Refreshing take on 'Shrew' makes a funny, thoughtful production
Published Friday, July 11, 2008
FAIRBANKS — You probably know the old joke: How many psychiatrists does it take to change a light bulb? One, but the bulb has to really want to change. Substitute shrew for light bulb and rogue for psychiatrist and you’ll get the point of Fairbanks Shakespeare Theatre’s snappy, thoughtful and funny production of “Taming of the Shrew.”
All good storytelling concerns character transformation, or at least its possibility. However, few characters change so staggeringly as Shakespeare’s shrewish Kate. In a few short acts this fire-breathing female becomes a submissive mate.
There you have the bur under the saddle for so many critics and audience members. Our culture values personal rights so strongly we are generally appalled by Kate’s display of servitude at play’s end. Director Carrie Baker takes the misogyny head-on and comes up with surprisingly humanistic product. Baker is aided by very strong leads.
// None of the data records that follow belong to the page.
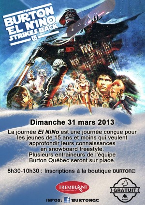 Dimanche le 31 mars 2013 À Tremblant il y aura le Burton El Nino, un événement pour les jeunes planchistes. Si vous êtes jeune, ou
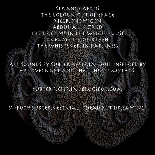 “Dead But Dreaming” is a dark ambient tribute to H.P. Lovecraft, a virtual soundtrack to the Cthulu Mythos. Creeping atmospheres inspired by the ancient nightmares portrayed in his fiction work.
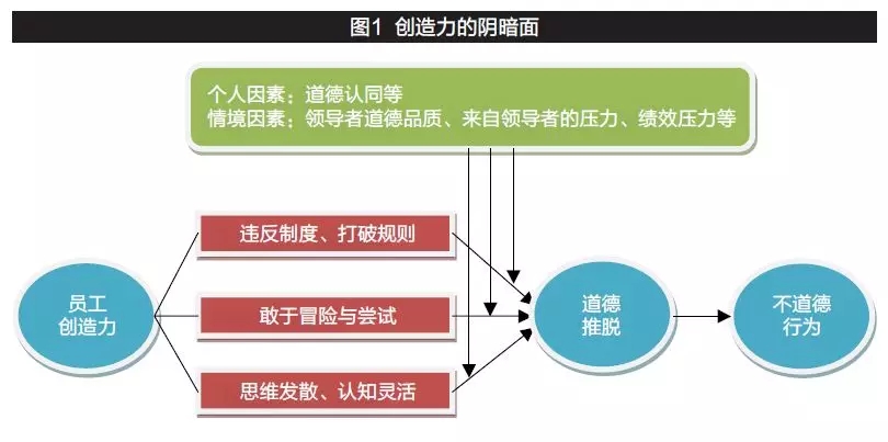 综上,创造力与不道德行为本质上都基于相同的逻辑:打破规则、敢于冒险、思维发散和认知灵活的意愿或能力。这些表现容易使员工跨越道德的边界,产生道德推脱,即找到说服自己和他人的、有新意的、降低或转移责任的解释等,最终导致更多的不道德行为。
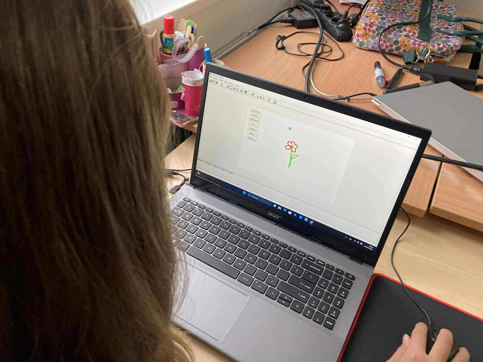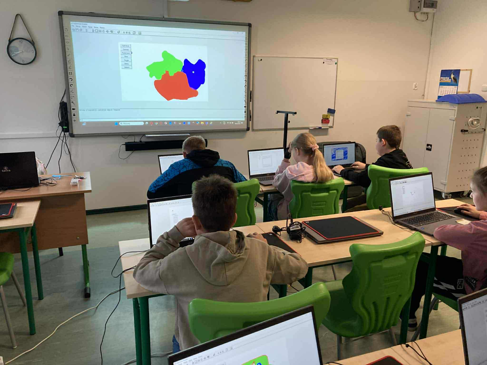Podczas zajęć uczniowie połączyli programowanie i sztukę, tworząc w środowisku Logomocja własne, interaktywne narzędzie do malowania – miniaturowy „Paint”. Poznali sposób działania żółwia rysującego, programowali zmiany koloru, grubości pisaka oraz narzędzie do ścierania.
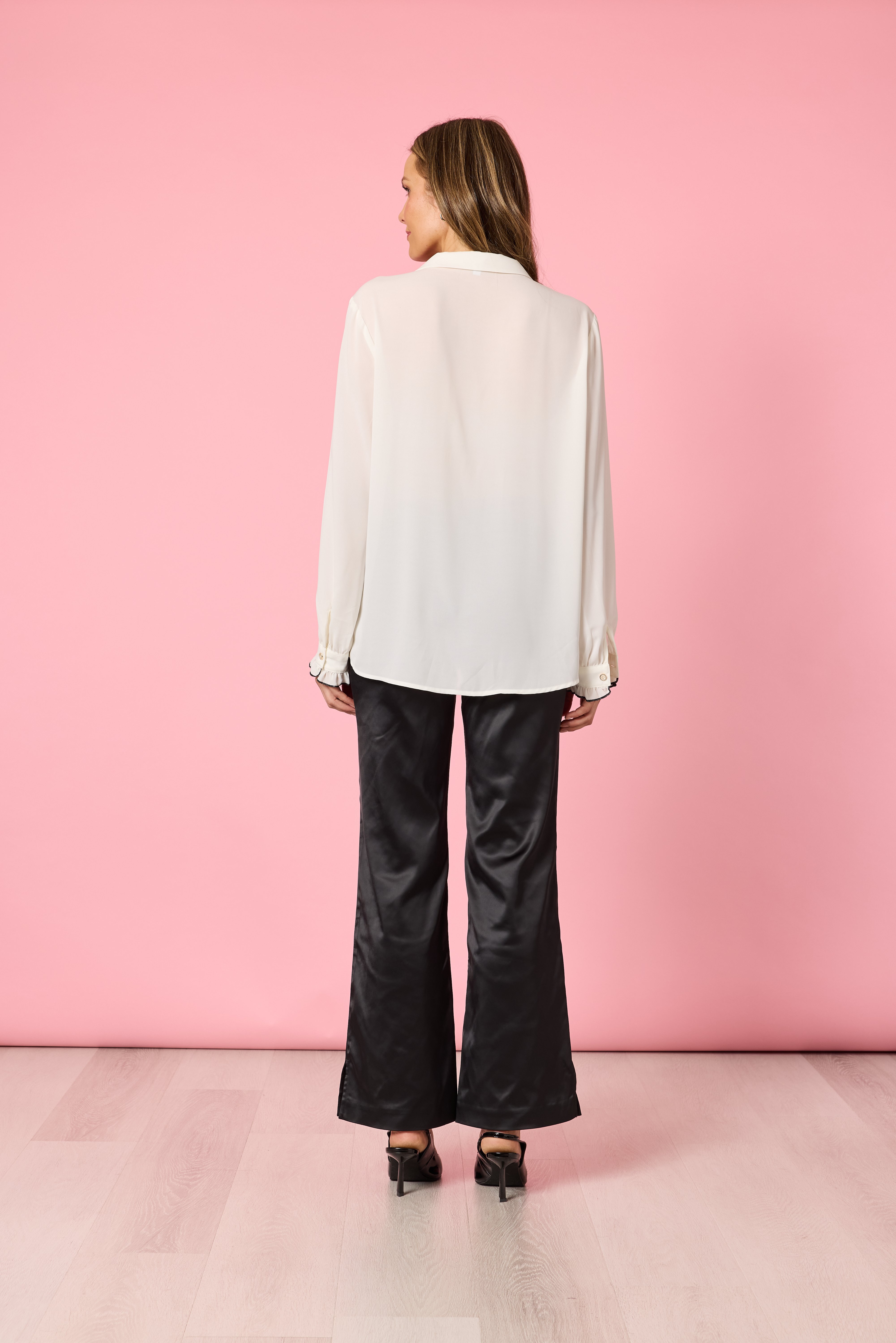 Romantic and refined, the Tuxedo Ruffle Shirt brings a touch of timeless femininity to modern dressing.
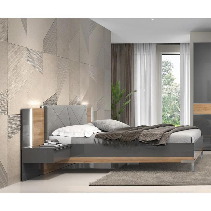 Łóżko z kolekcji Onyx zostało wykonane z płyty wiórowej lakierowanej. Powierzchnia spania wynosi 160x200 cm.
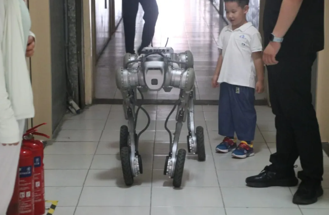 在华北电力大学,各学院开展了特色鲜明的活动。自动化系迎新开启“AI模式”,一位超炫酷的“新成员”成为回头率最高的“志愿者”。该机器人可以完成握手、比心等互动动作,机器狗化身“舞者”完成月球步、侧滑等步态,甚至展现前空翻、跳跃动作。此外,无人配送车、机械狼帮助新生将行李运送到宿舍,吸引众多路人围观,“迎宾员”“搬运工”拉满科技感。
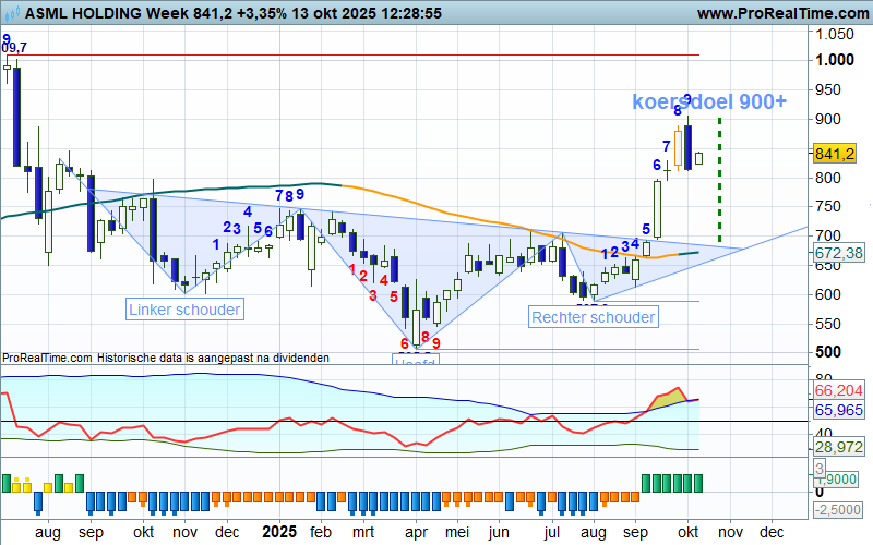 Vorige week is dit koersdoel even aangetikt, waarna er toch een schrikreactie volgde uit de stierenhoek, de koers viel terug naar €800+. Deze terugval past in het plaatje, want de doorbraak boven de neklijn moet nog worden gevalideerd.
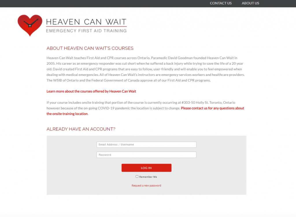 Heaven Can Wait teaches First Aid and CPR courses across Ontario to a range of audiences, focusing on providing programs that are easy to follow, user-friendly, and enable clients to feel empowered when dealing with medical emergencies. Given the need to accommodate limitations on in-person gatherings during the COVID-19 pandemic, Heaven Can Wait decided they wanted to provide a blended training model for learners. The goal was to provide flexible eLearning covering more of the theory and background information for Day 1 of training that would then complement smaller groups of in-person Day 2 training.

Anne Thibault’s performance of Kate charts a believable passage from harpy to helpmate. Especially impressive is her final speech — the one that prompts many to grab the nearest pitchfork and storm the set. Thibault’s Kate speaks less to her sister brides, and more to Petruchio, her partner in marriage. It is delivered in the private code married couples develop. Whatever she may pronounce, this production displays a Kate who is and will be an equal partner in marriage.
That equitable partnership wouldn’t work dramatically without Jeremy Thompson’s spirited portrayal of Petruchio, one of my favorite creations by Shakespeare. Petruchio is part fool, part rascal, but wholly wise. Thompson convincingly displays this character’s various sides. As director Baker points out in her notes, the play fairly crackles with verbal pyrotechnics when Kate and Petruchio first meet, and Thibault and Thompson keep the fireworks sizzling.
Since “Shrew” is a comedy, Shakespeare whips up a typically light and fluffy subplot, complete with disguises and wooing, ploys and counter ploys, discoveries and revelations ending in a bevy of weddings.
Hadassah R. Nelson plays Bianca, the younger sister of Kate, with saucy verve as she goads her sister in sibling rivalry or strings her various suitors along with coy looks and coquettish wags of her head.
Matthew Reckard, as the aging but wealthy Gremio, and Jon-Kiefer Browne, as the younger and craftier Hortensio, nicely portray failed suitors. Both actors play to the play’s farcical side without going overboard.
The man destined to win Bianca, Lucentio, is something of a stock character in the comedies, almost a male ingenue, and the young lover can sometimes pale in comparison with wilder and more colorful characters around him; but H. Andrew Greeley holds his own as Lucentio.
The talented Jenny Schlotfeldt portrays a trio of those scene-stealing characters: Biondo, a broadly drawn servant, the Tailor, a tradesman made dizzy by the antics of the madcap Petruchio, and a worldly widow who ends up marrying the frustrated Hortensio. Schlotfeldt makes each character distinct and vivid.
Andrew Cassel displays his considerable comic powers portraying Tranio, a servant who conceives and executes one of the subterfuges that fuel the play’s story.
Steve Mitchell turns in another strong performance playing Kate’s and Bianca’s father, Baptista. He has become the archetype of the long-suffering parent in my mind.
Fairbanks Shakespeare Theatre frequently exhibits first-rate production values and “Shrew” is no exception. A parade of Theresa Reed and Renata Lively’s sumptuous costumes passes on review as the play unfolds. And John Mayer’s set nicely exploits vertical as well as horizontal space with its two floors. It allows Baker to efficiently move her actors in and out of the scenes and action.
Modern sensibilities are understandably offended by the final scene of “Shrew,” but Baker’s production demonstrates how a shift in tone can offer a richer understanding of marital partnership than a simple reading of the text provides.
Robert Hannon is a Fairbanks resident who has been involved in local theater for more than 20 years.